Today’s journey takes on a
trip into Oracle’s data dictionary, specifically, the dictionary part or aspect
of it. It’s interesting and informative to take a peak under the covers and see
how Oracle, (the product, that is), is put together. Aside from trying to
reverse engineer things, looking at the underlying components presents an “If
Oracle did it this way, maybe I can too” learning paradigm. For example,
normalization is a huge part of database design, so it’s fair to ask (or look,
in this case) how well the SYS tables are normalized. Much, and practically all
for that matter, of what you query from or against in the data dictionary is
based on views, and as we all know, views are usually based on tables. What is
in those tables and how does it all fit together?

DICTIONARY and DICT

The DICTIONARY view contains
metadata about other data dictionary items. Most people familiar with Oracle’s
data dictionary will say that the data dictionary is based entirely on views on
tables owned by SYS. Well, yes, but to be more precise (using the DICTIONARY
“view” in this case), that’s not entirely correct. Instead of being a view, to
you as a member of PUBLIC, DICTIONARY from your perspective is a synonym. This
synonym points to the SYS-owned view named DICTIONARY, and by the order in
which Oracle resolves
an object name, a public synonym is evaluated before a table or view. If
you were to query against SYS.DICTIONARY, you would be accessing the view named
DICTIONARY owned by SYS.

Closely related to
DICTIONARY is a public synonym named DICT. This synonym is nothing more than a
shortcut name for DICTIONARY. Can you think of another shortcut name of a view
in the data dictionary? The TAB synonym is a pointer to part of what is in the
DBA/ALL/USER_TABLES views. So DICT or DICTIONARY, either one suffices as both
ultimately are derived from several SYS-owned tables.

The columns of DICTIONARY
are table_name and comments. In Oracle 10g R2, there are 659 records, of which,
interestingly enough, 91 have no comments. What good is a dictionary without
words? Almost all table name-only records are from the DBA/ALL/USER family
(just an observation, no real reason why they’re from this category).

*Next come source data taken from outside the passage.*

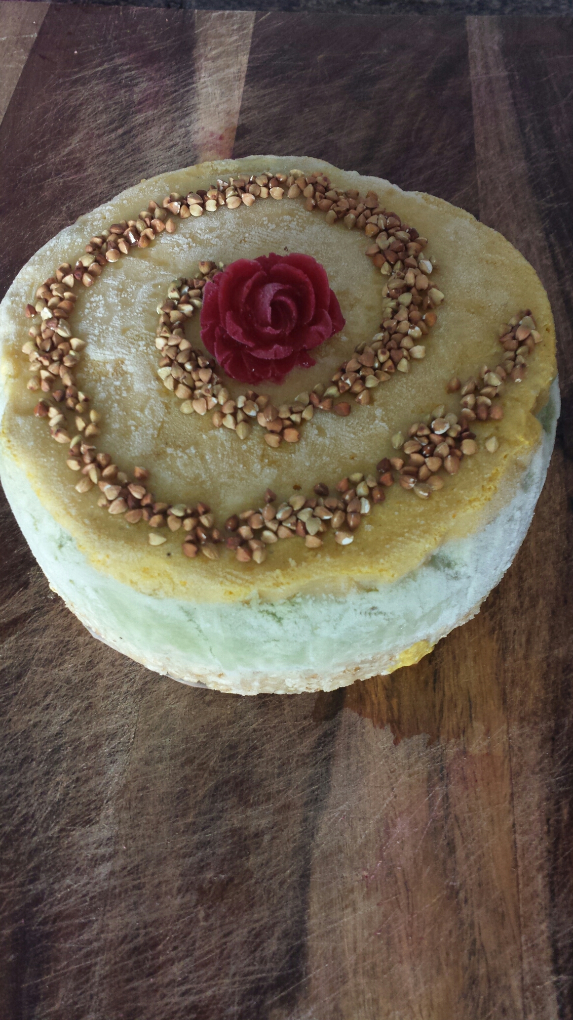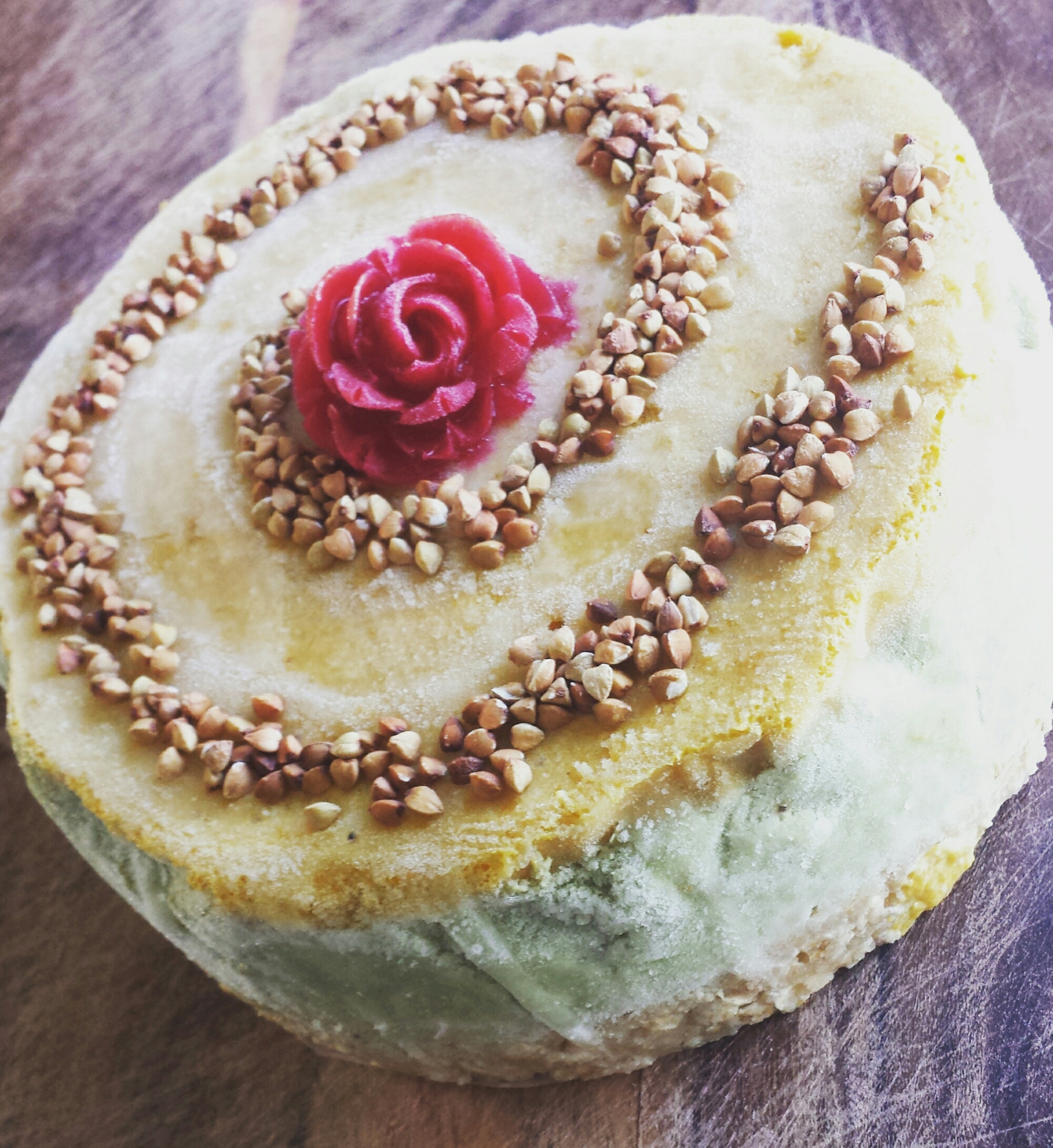 I added a Beetroot juice frozen rose and Buck wheat I had toasted for 10 mins in the oven to decorate (obvs toasted Buckwheat isn’t raw for those out there that keep it raw , you could use fruit or perhaps be pollen if not Vegan ).
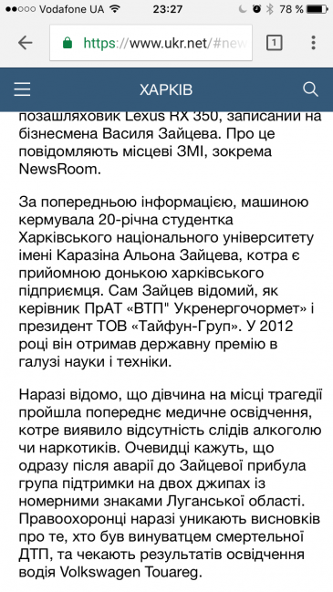 Уже ей сделали експерертизу и уже трезвая, а вот водителю Таурега никак экспертизу сделать не могут. Видать хотят повесить все на него. Не удивлюсь, если водитель Таурега ’вдруг’ окажется пян и виноват.
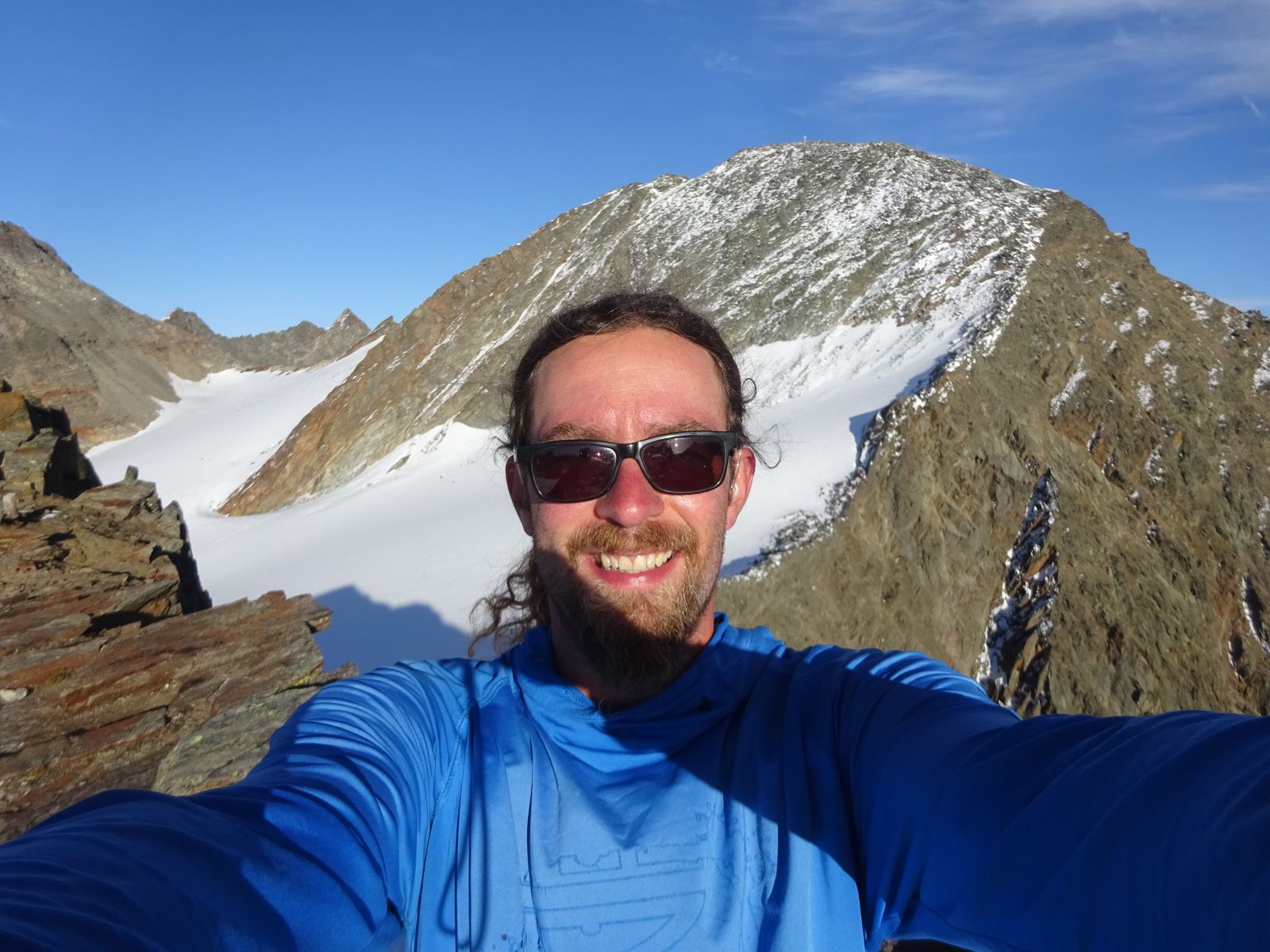 Warenkarseitenspitze: Die Besteigung dieses herrlichen Berges mit äußerst unattraktivem Namen habe ich leider auf etwa 3150 Metern aufgrund der ungünstigen/gefährlichen Verhältnisse abbrechen müssen. Die Route auf den Gipfel ist mittlerweile übrigens mit roten Punkten markiert: Kurz bevor man, vom Seekarsee kommend, das Plateau erreicht, auf dem die Hochstubaihütte steht, zweigt nach rechts ein Steiglein ab (am Abzweig kein Schild sondern ein markanter Blecheimer). Nun geht es über Blockgelände weiter ... oder eben nicht, wie bei mir gestern: Es lag noch recht viel Schnee und es war immer ein "Abenteuer", zu testen, ob man da gehen kann oder ob der Schnee ein Loch verdeckt, in dem man sich dann den Hax bricht. Schließlich gelangte ich zu einer schneebedeckten, glatten, abschüssigen Platte, die auch nicht umgangen werden kann, und ließ es dann sein. Schade, denn der Anstieg zum Gipfel schaut grundsätzlich echt lohnend aus.
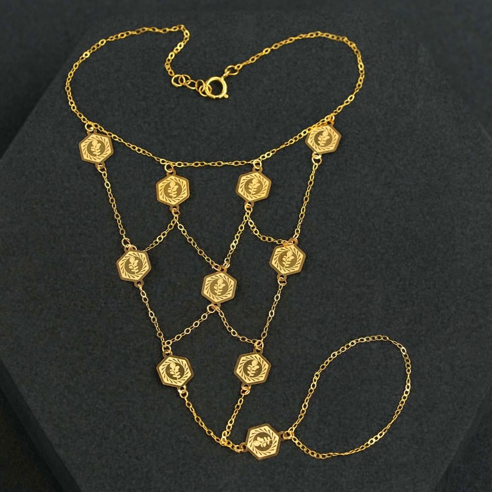 🔹 يتميز هذا الكف بشبكة ذهبية متداخلة مستوحاة من الفنون الشرقية الكلاسيكية، حيث تتصل السلاسل الناعمة بأشكال سداسية من الذهب، مما يمنحها لمسة من الأناقة العصرية مع الطابع الكلاسيكي الفاخر.
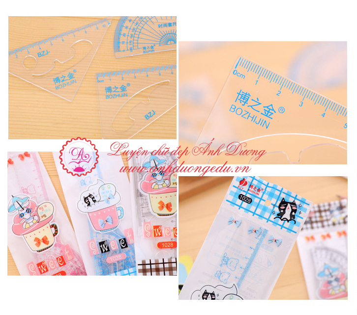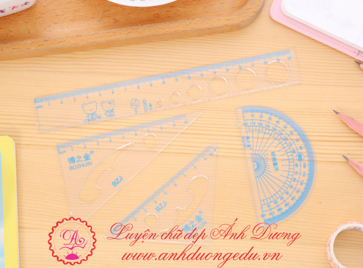 - Bộ sản phẩm gồm 4 thước: 1 thước kẻ dài 20cm với các lỗ hình tròn bên trong, 2 thước ê ke tam giác, 1 thước đo độ
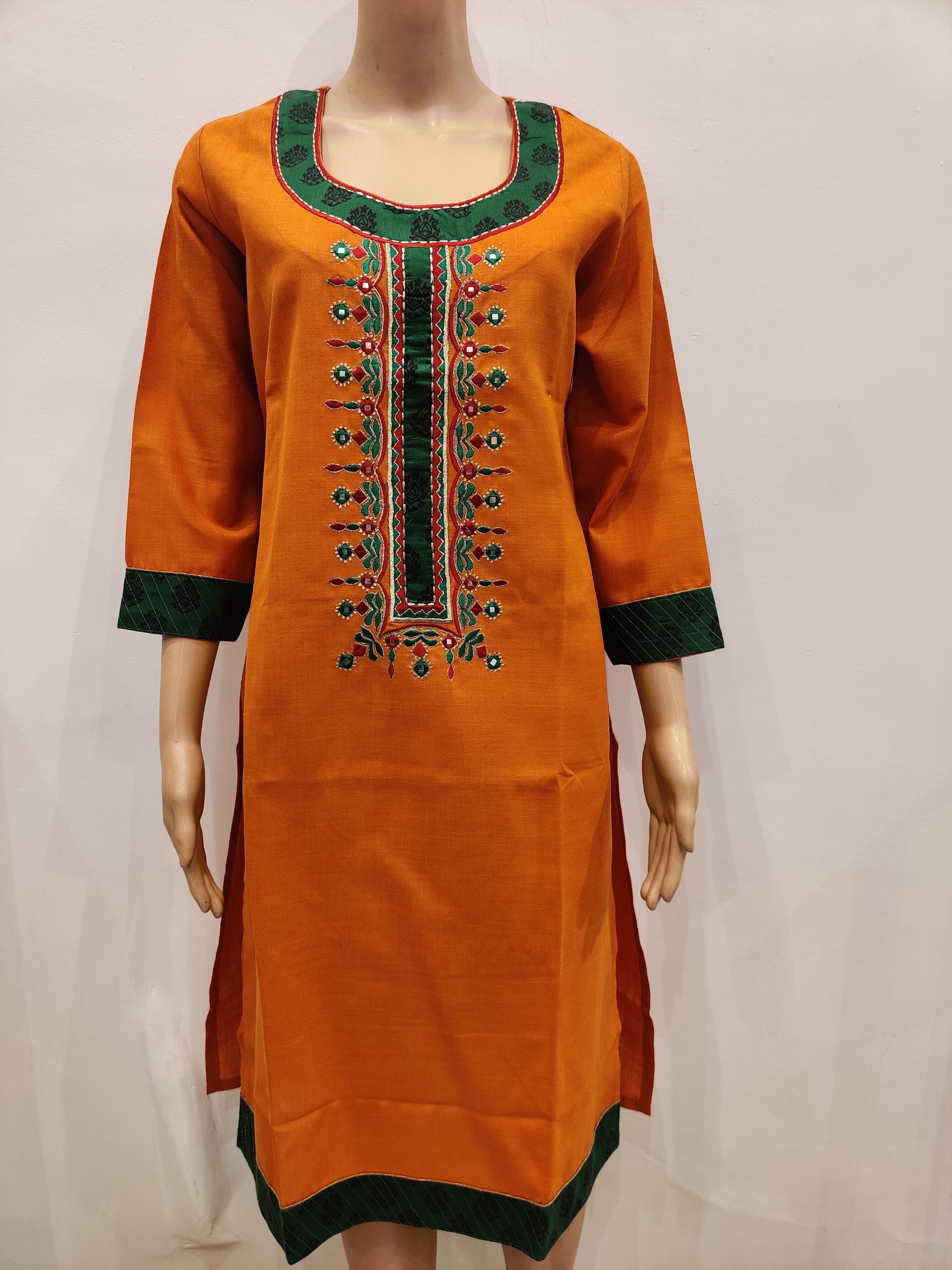 - The kurti boasts an intricate design with detailed hand embroidery on the front.

Where do the comments come
from? This is where we start looking at the underlying tables. The source code
behind this view can be found in the catalog.sql script. The top part of the
create view statement is shown below.

remark
remark  VIEW “DICTIONARY”
remark  Online documentation for data dictionary tables and views.
remark  This view exists outside of the family schema.
remark
/* Find the names of public synonyms for views owned by SYS that
have names different from the synonym name.  This allows the user
to see the short-hand synonyms we have created.
*/
create or replace view DICTIONARY
    (TABLE_NAME, COMMENTS)
as
select o.name, c.comment$
from sys.obj$ o, sys.com$ c
where o.obj# = c.obj#(+)
  and c.col# is null
  and o.owner# = 0
  and o.type# = 4
  …continues…

The OBJ$ table (owned by
SYS) is like the uber table of the data dictionary. Every object has an ID
number, an owner number, and a type number (among other attributes). If OBJ#
were a primary key, we would expect to see primary key type of information
about that column. As it turns out, OBJ# is not the primary key per a “this
column is defined to the primary key for this table.” What does a primary key
have in terms of other constraints? OBJ# does have a unique index and a not
null check constraint, so that must be close enough from Oracle’s perspective.

The OBJ$ table also has
another interesting index related characteristic, and that is the index named
I_OBJ2. This index uses six columns, which is fairly rare in terms of the
number of columns involved. The vast majority of indexes I see are limited to
one, two or three columns, with the exception of some data warehouse indexes
with five or six columns. All of the objects users create must be registered in
this table, so this is a table that will continue to grow. How and when are
statistics created for the table? That depends on the version of Oracle you’re
using. From older to newer, the advice or guidance has ranged from “don’t do it”
to “have at it.”

The difference between TYPE#
and OWNER# is that the object types are known ahead of time. Oracle only has so
many types, so that information is static, whereas owners (aside from the
internal or fixed type users of Oracle) come and go. With this difference in
mind, we’d expect to see a lookup table that relates a textual name versus an
owner number. The USER$ table serves this function.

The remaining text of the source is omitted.